How the credit crunch affects FS customer acquisition (or rather, how it should)
The collapse in the US sub-prime mortgage markets and the ripple effect throughout global capital markets has been well documented, so I won't even attempt to add to that debate. I honestly don't believe I can add any value to it.
What does need further exploration however is the impact this has for Banks and more poignantly their acquisition strategies. Whilst the lending markets are being squeezed, do not expect to see the major lenders relent on their respective pushes to acquire new customers. After all, debt is not bad. If you're a bank, debt is your business. Only bad debt is bad.
So at times like these, it becomes increasingly important to understand where the bad debt has been acquired from - what do these individuals look like, how can we identify them, and how we can withhold credit terms from them in order to protect the wider business' profitability - the underlying concern for the banks (as for any profitable business).
We are beginning to see some banks react by adopting tighter credit scoring systems, or (more likely) by shifting the credit score criteria that they are prepared to offer terms to. Whilst this goes some way in protecting the lenders' interests by reducing the levels of bad debt that are likely to manifest on their loan books, you could also liken it to choking the goose.

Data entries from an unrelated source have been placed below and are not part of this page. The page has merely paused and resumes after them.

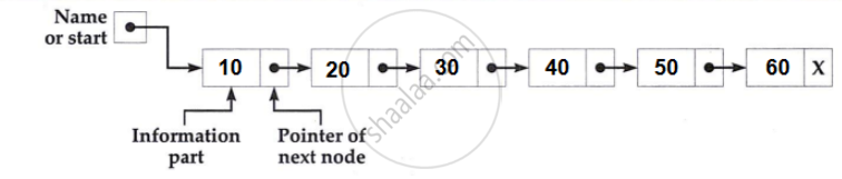 Explain a linked list with suitable example having six nodes with properly labeled diagram.
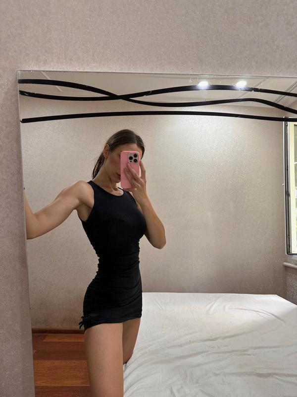 Мини в рубчик Shein🖤 По наборке на 9 лет, по факту хс/с/м, очень эластичная, длина регулируется затяжками👌 Как будто немного толченый цвет
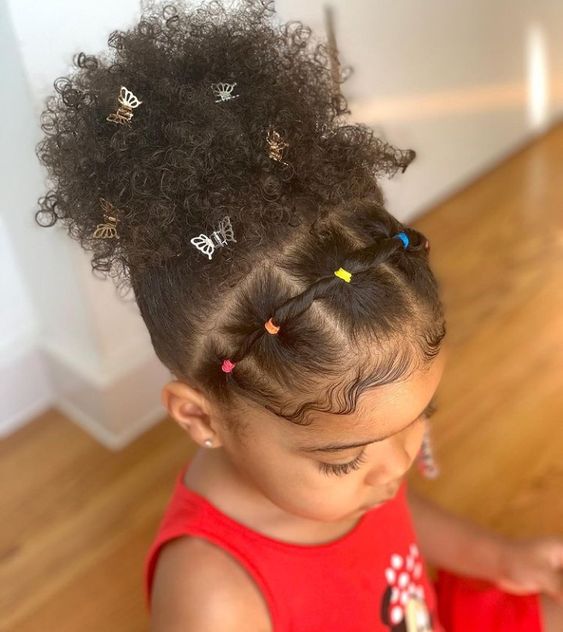 4. Coque com acessórios, por fim, está entre os melhores penteados de cabelos cacheados infantil para se investir

Or slamming the stable door shut, as bad debt doesn't normally appear over night, but rather it appears over time. The bed has already been made, so to speak.
So the focus needs to be on reducing the bad debt we can expect in a year's time. Without changing the way a bank attracts these new customers, by profoundly changing the types of customer you promote to, then your marketing efforts will be increasingly wasted. Not so much not knowing which 50% is working, more like not knowing which 75% isn't working. And in many instances this can occur overnight with a strategic change in the business' credit policy.
So it has never been more important for marketers to know where the valuable customer comes from (in simple terms, that being one that won't go "bad" in this example), and how they found out about and access our product. Lifetime customer value is rarely understood even after a prospect has become a customer, but to understand where exactly those higher value customers are deciding to buy our product is little more than nice-to-have in marketing circles. We cannot rely solely on demographic information about the people that use a site, and frankly why should we. All the data we need to do this is available to each business from their own datasets. We just need to be smarter about how we use it, and how we transform that data into insight that we can act upon.
At it's most extreme, you could argue that to fail to act is negligent towards the shareholders and stakeholders in the business. It is certainly at least a gross oversight of any FS business that hasn't taken steps to better understand customer value from an acquisition or marketing perspective. Would it have saved Northern Rock? Probably not, as they were hit by their business model rather than bad debt per se as far as I can tell. But would it help a marketer better understand how to adapt their campaign in light of the increasingly stringent acceptance criteria they are now working under? Almost certainly.
Understanding customer lifetime value, and what actions and sources are more or less likely to increase that value, needs to be given far greater priority in UK business, throughout all industries. It should become a core business activity, but will always struggle due to the wide-spread responsibilities. Finance, IT and Marketing need to work together to deliver this and all of the benefits. But the last time Marketing spoke to Finance is all too often the Christmas Party.